WHAT YOU SHOULD DO: Print the listing from its top line through the line containing "L’utilisateur ne lit", nothing more, and leave out the pictures.

MATERIALS PROVIDED:
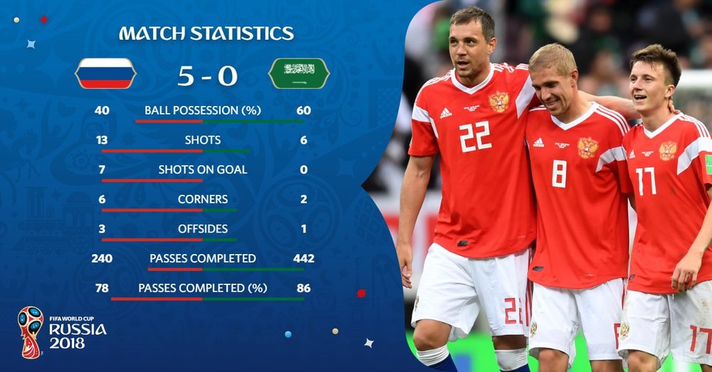18.40 Вроде как и лучше смотрится Россия, но по владению мячом статистика удивительная - 42/58, то есть мячом больше владеют гости. Есть мнение, что если против Саудовской Аравии играют подопечные Черчесова вторым номером, то против Египта и Уругвая попробуют тоже. Только не факт, что получится - там сильнее исполнители.
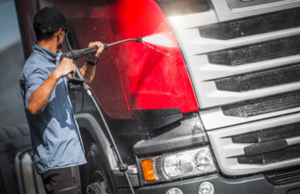 Our White Glove Exterior Hot & Soapy Pressure Wash service provides a thorough, high-quality cleaning for your heavy-duty truck. Using specialized equipment and eco-friendly detergents, we meticulously wash and degrease every inch of your vehicle's exterior, leaving it looking pristine and well-maintained. This comprehensive maintenance service ensures your truck's appearance and longevity are preserved, keeping it in top condition for years to come.
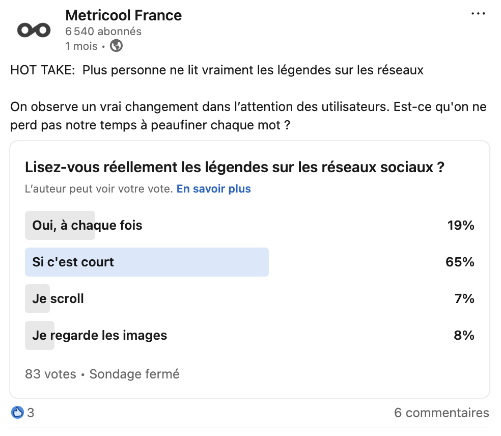 L’utilisateur ne lit pas, il scanne. Il décide en une fraction de seconde si votre post mérite un “voir plus” ou un simple balayage du pouce.
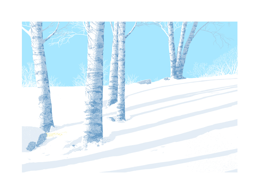Dan McCarthy lives and works in Massachusetts. He attended The School of the Museum of Fine Arts in Boston. His work usually starts with pen and ink drawing. He prints all of his work himself and is considered a master printer- familiar with etching, lithography, and screen printing. Dan’s work often incorporates overlooked things like telephone lines and poles. He often focuses on death and rebirth, usually manifested as skeletons in his work, and the external environment in the nighttime setting, usually as wooded silhouettes and shadows. Dan has also made posters for bands and television shows such as LOST and Wilco.
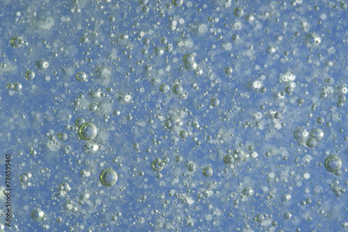 Fototapeta premium Bubbles in the water on a blue background. Closeup.
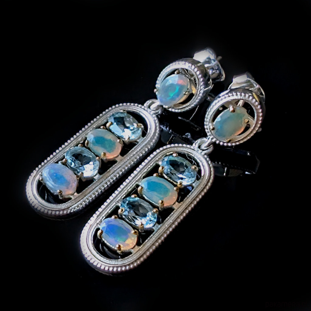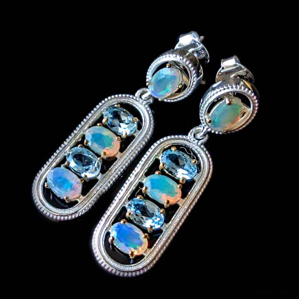 Kolczyki wykonane ze srebra próby 925 oraz fasetowanych opali oraz topazw. Przepiękne barwy. Długość całkowita 38 mm. szerokość 11mm. Waga jednego kolczyka 2 ,68 g. Zapięcie na sztyft. Przepiękne. Kolczyki wysyłane zostaną w ozdobnym pudełeczku. Wykonane przez dostawcę kamieni.

ANSWER TO THIS TASK:
18.40 Вроде как и лучше смотрится Россия, но по владению мячом статистика удивительная - 42/58, то есть мячом больше владеют гости. Есть мнение, что если против Саудовской Аравии играют подопечные Черчесова вторым номером, то против Египта и Уругвая попробуют тоже. Только не факт, что получится - там сильнее исполнители.
 Our White Glove Exterior Hot & Soapy Pressure Wash service provides a thorough, high-quality cleaning for your heavy-duty truck. Using specialized equipment and eco-friendly detergents, we meticulously wash and degrease every inch of your vehicle's exterior, leaving it looking pristine and well-maintained. This comprehensive maintenance service ensures your truck's appearance and longevity are preserved, keeping it in top condition for years to come.
 L’utilisateur ne lit pas, il scanne. Il décide en une fraction de seconde si votre post mérite un “voir plus” ou un simple balayage du pouce.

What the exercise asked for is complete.